Two weeks later, and we got word that the other couple had backed out. Today I wonder why they REALLY backed out, but we were told by the sellers agent it was because they didn’t want to deal with the lengthy short sale process and wanted a home immediately. In a flash we were back in the running and the bank wanted to counter us. Woah…it was really happening. The bank countered us nearly 60k over our original offer and 45k over asking price – we couldn’t help but laugh out loud and ask “really??!” How could they counter us at a price so far beyond what the house had even been listed before!? We learned that in a short sale situation, the bank doesn’t necessarily pre-approve the listed price of a house on short sale, but rather the home owner and their agent set a price that they are hopeful to get and one they hope the bank will eventually approve. Once again we felt defeated and so far off the mark. After a conversation with our lender (who offered to increase our loan amount to match the bank’s request) and our short sale attorney (oh yeah, forgot to mention that : even though I’m married to an attorney, you have to hire a special lawyer to help you through the short sale process…something to consider for those of you out there thinking about pursuing this kind of property) we decided to stay within an amount that was comfortable for us, not one the bank had intentionally skyrocketed. We followed the suggestion of the attorney and increased our offer to match the current asking price + $1000 more. And like that, it was accepted. Woah.

From then until closing it was a lot of ups and downs. Learning that the home owners had multiple leans against the home and a few we would be responsible for didn’t feel good. It also wasn’t fun to pay off the overdue utility bill, or fix a couple of things on the house at our own expense in order for it to pass appraisal.

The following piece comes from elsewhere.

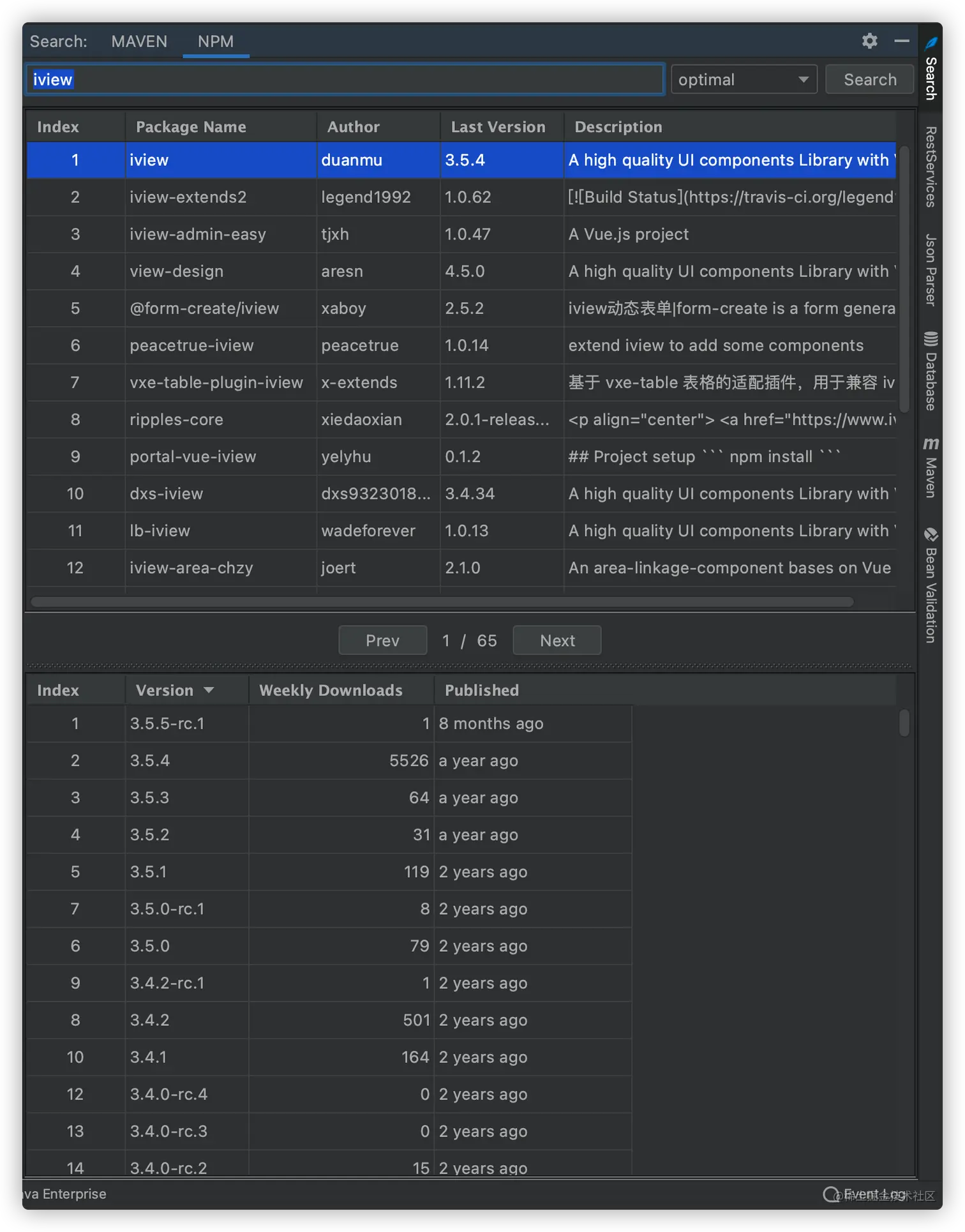 Prev和Next按钮切换分页 - 双击某一列,搜索详细版本列表

But nonetheless we kept pushing forward. From putting in a stove conveniently given to us by one of Adam’s nice co-workers who was working on a home remodel of his own (thank you Greg!), to the multitude of inspectors (the one suggested by our agent, a mold specialist, the oil company, a sewer specialist and so on and so forth) I wondered when it would ever end. And then one day it did. We signed and had keys in our hands and it was ours. Now this last paragraph although short and sweet doesn’t even come close to accounting for or reflecting the amount of sleepless nights I had the last two weeks leading up to closing. I was taunted with horrific nightmares from every imaginable thing (squatters living in the basement, to our oil heating tank leaking all over the property and into others yards costing us thousands). I stayed up night after night doing hours of research on the various quirky aspects of the nearly 100-year-old home – all the while freaking myself out and making me question over and over again whether this was the right decision for us. The more I read into the property and the more I poured over our seemingly “great” inspection report, the more my gut was telling me that this decision was the wrong one. But for many reasons I’m just now realizing and accepting, I didn’t listen to my gut but rather followed my heart. The heart that wanted a place to call our own, the heart that wanted to start a family and tell the world that we were okay. The heart that wanted to fit in with our other married friends who owned homes. And as I look back on it now, I’m disappointed and most upset with myself. For allowing my need for societal acceptance (I realize how much of this is actually all internal pressures), and my desire to have four walls to call my own outweigh the red flags that were going off in my head.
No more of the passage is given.